From gallery of KAndrw


Almost six years ago, towards the end of 2010, I started work on a deck-building spelling game that would eventually be called Dexikon. The goal was to create a game that helped usher my Scrabble-playing in-laws into the fold of wonderful modern games, and early in development it was clear that there was definitely something to the idea. After a lot of iteration, Dexikon was published in 2015 by Eagle-Gryphon Games.


From gallery of KAndrw


The game is a bit like Ascension, but all the cards are letters and you have to use your cards to spell words. You start with a deck of low-value letter cards that are easy to use, and using them to spell words generates points that you use to buy higher-value (and harder-to-use) letter cards and/or victory points. At the end of the game, you get to use all your cards to spell one massive "last word".


From gallery of KAndrw


Yep. Unfortunately for me, I was not the only person to have this idea, and my slow-and-not-particularly-steady development cycle meant that Dexikon would not be the first deck-building word game to hit the market. That honor would be taken in mid-2013 by Tim Fowers' Paperback, which has achieved widespread recognition as a well-designed and wonderful game.


From gallery of KAndrw
With apologies to Paige Turner because you never did anything to deserve getting an "art" treatment from me.

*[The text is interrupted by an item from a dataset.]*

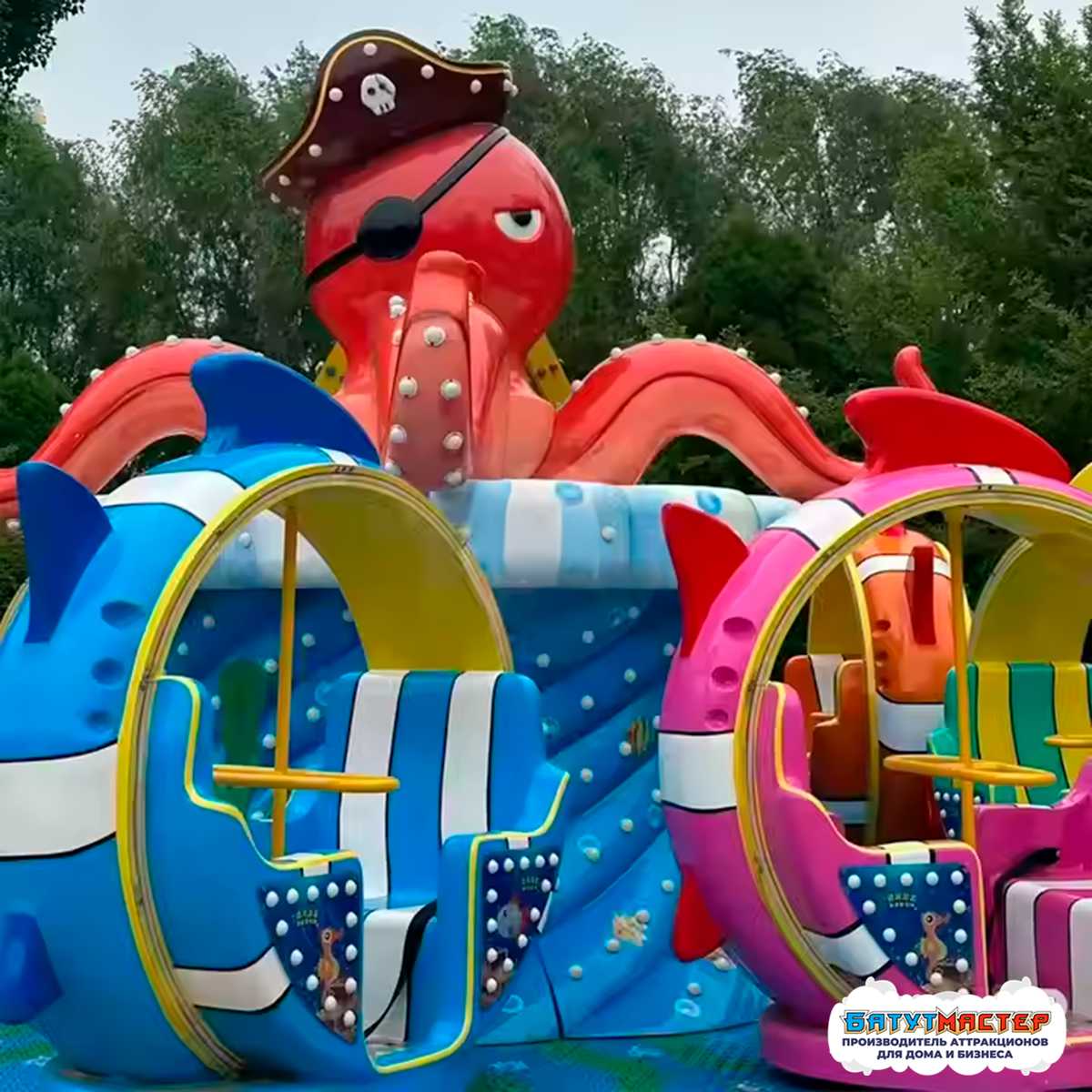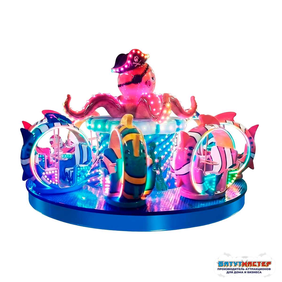 Аттракцион «Морские приключения» — это красочная карусель в морской тематике с выразительным центральным персонажем — осьминогом-пиратом. Благодаря продуманному дизайну и деталям, этот аттракцион не оставит равнодушным ни ребёнка, ни взрослого. Он оживляет любое пространство, наполняя его атмосферой подводного царства.

I put Dexikon on the back burner when Paperback was announced on Kickstarter, but after I'd had a chance to buy and play a copy of Paperback post-launch, I decided that there was enough to set the two games apart that it was worth pushing on with Dexikon. The most critical differences boil down to two things...


From gallery of KAndrw


From gallery of KAndrw
[1] In Dexikon, the most common letters (vowels, S and T) are freely available through the game on multi-letter "core" cards. The ES card can be used as E or S, and the AT and IOU cards work the same. This means that the player gets a lot of flexibility from a couple of core cards and few consonants.

In Paperback, you get a handful of vowels in your starting deck, then any vowel cards gained through play are either short-lived (trash upon use) or hotly contested (claiming the common vowels). You also have access to the common vowel card, a card that you can add to your word even though it's not part of your hand.

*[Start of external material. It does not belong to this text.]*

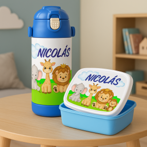 Fiambreras aptas para consumo alimentario. Libre de BPA. Medidas 18,5 x 13 x 6 cm. Material: tapa con aluminio, base de plástico. Botella Material: acero inoxidable de alta calidad. Mantiene la temperatura de las bebidas frías o calientes durante horas. Capacidad: 600 ml.

[2] In both Paperback and Dexikon, players spell a word each turn to earn currency, which can then be used on that turn. In Dexikon, players must choose to either spend their currency on buying new cards or bank their word and get just half the currency to spend on new cards. The game ends once any player has banked seven words, at which point final victory points are scored from several sources:
• The values of their best five banked words.
• -2 points for each penalty (wild) card in their deck.
• Each N or P card in their deck (1 and 2 points respectively).
• The value of one final word, using as many cards from the player's deck as they like.

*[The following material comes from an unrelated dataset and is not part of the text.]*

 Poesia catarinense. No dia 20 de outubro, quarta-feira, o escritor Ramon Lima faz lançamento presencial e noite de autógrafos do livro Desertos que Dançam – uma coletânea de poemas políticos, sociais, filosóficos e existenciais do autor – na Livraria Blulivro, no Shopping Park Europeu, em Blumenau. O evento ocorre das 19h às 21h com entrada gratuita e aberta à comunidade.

Paperback uses four tiers of Dominion-style (and beautifully illustrated!) victory point cards, which are also wild when used in words. At the end of the game, players' final scores are the total value of the victory point cards in their decks.

The different approaches to vowels and wild cards mean that the sort of words you can spell changes over the course of the game in different ways. Both games have an initial period of moving toward more valuable hands that make it harder to form words, but then Dexikon's late-game is characterized by a push to get rid of penalty cards, whereas Paperback's late game is all about acquiring lots of VP cards. The trick in Dexikon is navigating the late-game while making sure your deck doesn't run so low on core cards that you lose the ability to spell words, and in Paperback the trick is making sure that the influx of VP cards doesn't leave you in a position of being easily able to use all your cards but unable to score enough to buy new VP cards.

There are other, less fundamental differences, such as the way the pool of available cards works, the spread of abilities, and the treatment of attack cards. These all contribute to a generally different feel and flow of the game, but the two key differences are what really set the two games apart in terms of mechanical strategy.


From gallery of KAndrw


Dexikon was Kickstarted by Eagle-Gryphon Games in early 2015 and delivered a few months later. Reviews were generally positive and very naturally focused on comparisons with Paperback. GeekDad (review) and Tom Vasel (review) both preferred Paperback.

Jonathan Liu on GeekDad felt that Paperback has the advantage on ease of play and teaching, and that Dexikon's decision between banking and spending has the potential to be tough and less intuitive than Paperback's decision between regular letters and VP cards.

Tom preferred the look of Paperback, agrees that it's an easier game to teach to new players, and felt that where Dexikon gives an advantage to players with larger vocabularies, Paperback gave the advantage to the player best at deck-building. He also felt that Paperback plays faster.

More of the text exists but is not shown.